---- Supplied material
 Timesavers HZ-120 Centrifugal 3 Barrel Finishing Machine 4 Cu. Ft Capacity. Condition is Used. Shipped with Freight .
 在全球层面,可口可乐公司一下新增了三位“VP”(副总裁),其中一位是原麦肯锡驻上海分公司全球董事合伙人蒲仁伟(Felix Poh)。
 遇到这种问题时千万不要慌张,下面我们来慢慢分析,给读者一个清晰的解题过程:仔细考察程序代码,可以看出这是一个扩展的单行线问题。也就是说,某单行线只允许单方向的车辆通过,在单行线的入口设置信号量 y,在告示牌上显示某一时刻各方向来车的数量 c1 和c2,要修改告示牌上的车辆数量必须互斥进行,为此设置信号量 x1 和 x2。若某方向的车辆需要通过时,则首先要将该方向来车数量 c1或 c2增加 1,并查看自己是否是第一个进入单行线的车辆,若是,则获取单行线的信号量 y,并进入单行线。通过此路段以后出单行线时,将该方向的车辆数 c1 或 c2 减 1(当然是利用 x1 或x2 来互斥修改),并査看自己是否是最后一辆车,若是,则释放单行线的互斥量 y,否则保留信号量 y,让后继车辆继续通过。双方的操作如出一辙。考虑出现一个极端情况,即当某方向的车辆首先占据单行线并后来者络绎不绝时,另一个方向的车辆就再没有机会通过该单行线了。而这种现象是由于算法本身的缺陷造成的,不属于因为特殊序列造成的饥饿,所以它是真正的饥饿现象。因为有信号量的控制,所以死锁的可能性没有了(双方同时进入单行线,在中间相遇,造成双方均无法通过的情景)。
--------
» Your instructions
The complete listing above is to be output again exactly.

» Solution to the exercise
 Timesavers HZ-120 Centrifugal 3 Barrel Finishing Machine 4 Cu. Ft Capacity. Condition is Used. Shipped with Freight .
 在全球层面,可口可乐公司一下新增了三位“VP”(副总裁),其中一位是原麦肯锡驻上海分公司全球董事合伙人蒲仁伟(Felix Poh)。
 遇到这种问题时千万不要慌张,下面我们来慢慢分析,给读者一个清晰的解题过程:仔细考察程序代码,可以看出这是一个扩展的单行线问题。也就是说,某单行线只允许单方向的车辆通过,在单行线的入口设置信号量 y,在告示牌上显示某一时刻各方向来车的数量 c1 和c2,要修改告示牌上的车辆数量必须互斥进行,为此设置信号量 x1 和 x2。若某方向的车辆需要通过时,则首先要将该方向来车数量 c1或 c2增加 1,并查看自己是否是第一个进入单行线的车辆,若是,则获取单行线的信号量 y,并进入单行线。通过此路段以后出单行线时,将该方向的车辆数 c1 或 c2 减 1(当然是利用 x1 或x2 来互斥修改),并査看自己是否是最后一辆车,若是,则释放单行线的互斥量 y,否则保留信号量 y,让后继车辆继续通过。双方的操作如出一辙。考虑出现一个极端情况,即当某方向的车辆首先占据单行线并后来者络绎不绝时,另一个方向的车辆就再没有机会通过该单行线了。而这种现象是由于算法本身的缺陷造成的,不属于因为特殊序列造成的饥饿,所以它是真正的饥饿现象。因为有信号量的控制,所以死锁的可能性没有了(双方同时进入单行线,在中间相遇,造成双方均无法通过的情景)。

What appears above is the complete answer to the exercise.